Association studies and data platform for electronic health records and omics data
Depressive disorders are among the most common psychiatric disorders in Europe. Despite the large number of available treatments, only a proportion of people with depression benefit from long-term treatment. Although there is considerable evidence that there are subgroups of patients who respond particularly well to certain treatments, there are no established markers for these subgroups.
The integrated research platform P4D aims to investigate these subgroups in order to improve diagnosis, treatment and prevention of depressive disorders through personalised treatment approaches. To this end, an already identified blood marker of antidepressant response will be clinically tested and validated for use in clinical practice. In addition, a large cohort of patients with depressive disorders will be recruited and subjected to deep phenotyping and genotyping to identify new subtypes of depression from the analysis of the extensive data using machine learning methods. On this basis, publicly available, innovative decision support tools will be developed to enable personalised treatment.
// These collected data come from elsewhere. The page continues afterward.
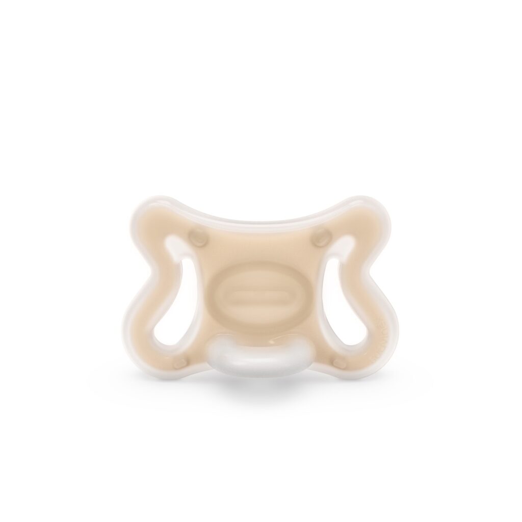 Chupón con tetina fisiológica SX Pro, diseñado para respetar el desarrollo bucodental del bebé. La tetina de este chupete ha sido diseñada para no invadir la cavidad oral y proporcionar al bebé la misma sensación que experimenta en su estado natural cuando no lleva chupete.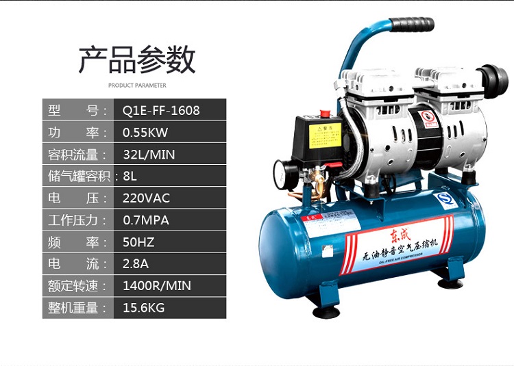 東成Q1E-FF02-1608無油靜音空壓機(jī)木工噴漆氣泵空壓機(jī)基本參數(shù)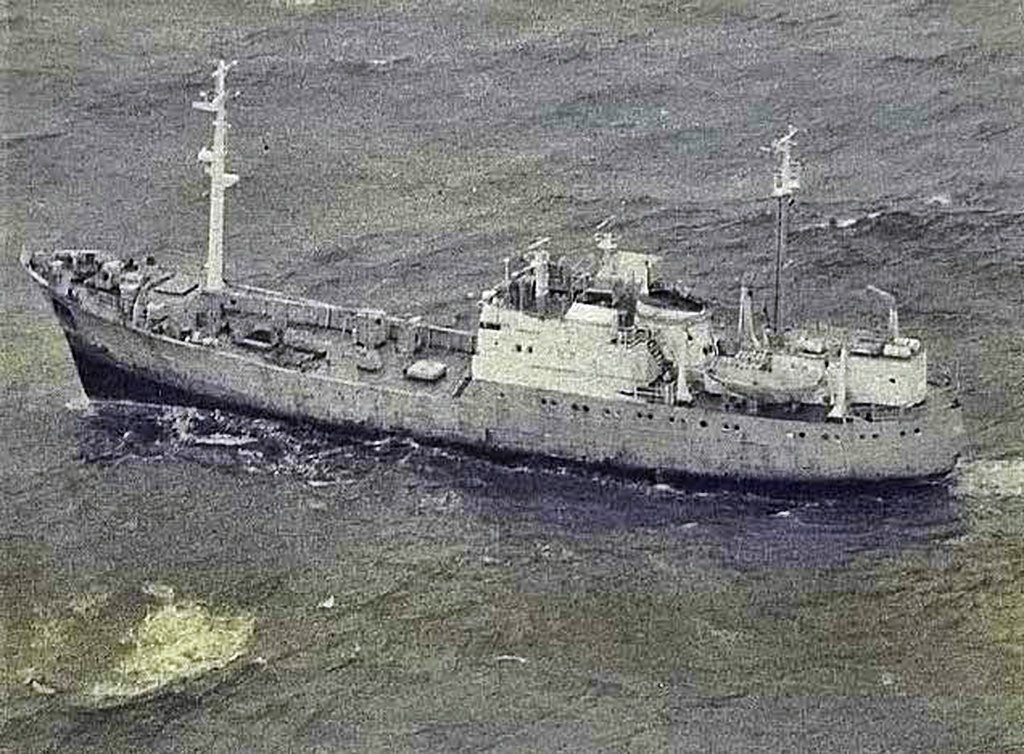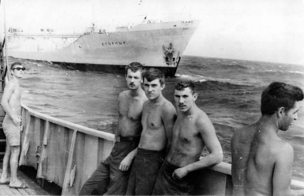 МРЗК "Курсограф" ЮКМ БС 14.12.1972 - 18.03.1973 г. На фоне танкера "Егорлык ". В очках старшина радиометристов мичман Гусак В.Ф. |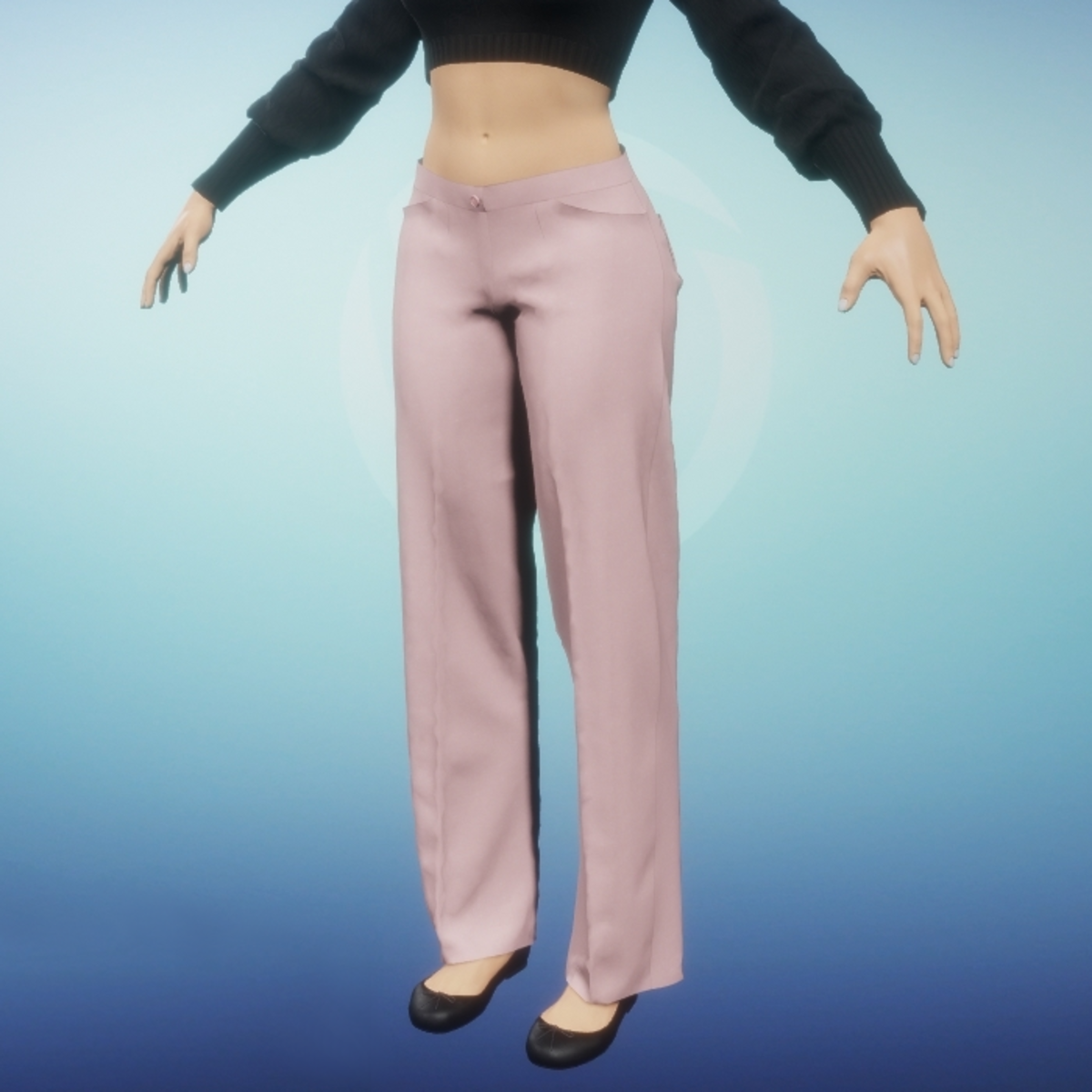 Women's dress slacks with front closure, welt pockets and back patch pockets. Front and back center legs have gently pressed folds for a dressy appearance. Be sure to animate cloth when wearing these slacks. Also, when layering, wear top layers first and then add lower layers. So if wanting to tuck in a shirt, where the shirt first then the slacks. If wanting to wear a top over the slacks wear the top first.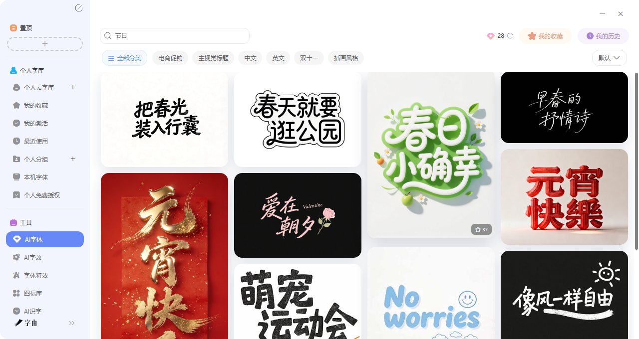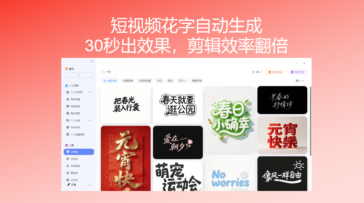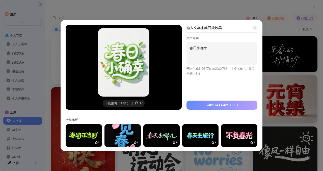 第一步:进入AI字体页面后,在搜索框里输入“春日”“节日”“生活”“动态”等关键词,系统会自动筛选出所有适合做花字的模板。
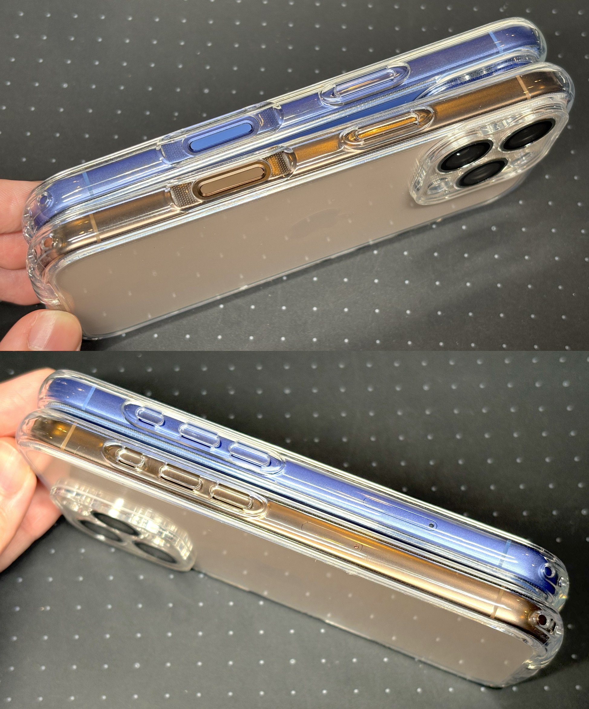 通常のクリアケースの側面には、マイクロドットという白い点の模様が付きます。

To this end, Leibniz Universität Hannover (LUH) is establishing a system for the secure storage, processing, management and transmission of electronic health records and omics data from the P4D cohort. Novel approaches to raw data compression will be explored to optimise storage, processing and transmission costs. In addition, the LUH is involved in the overall data analysis of the platform to characterise prognostic depression subtypes identified by systems medicine approaches. In particular, new machine learning methods will be developed to generate molecular signatures. The research platform is coordinated by the Hannover Medical School and has a total of ten project partners.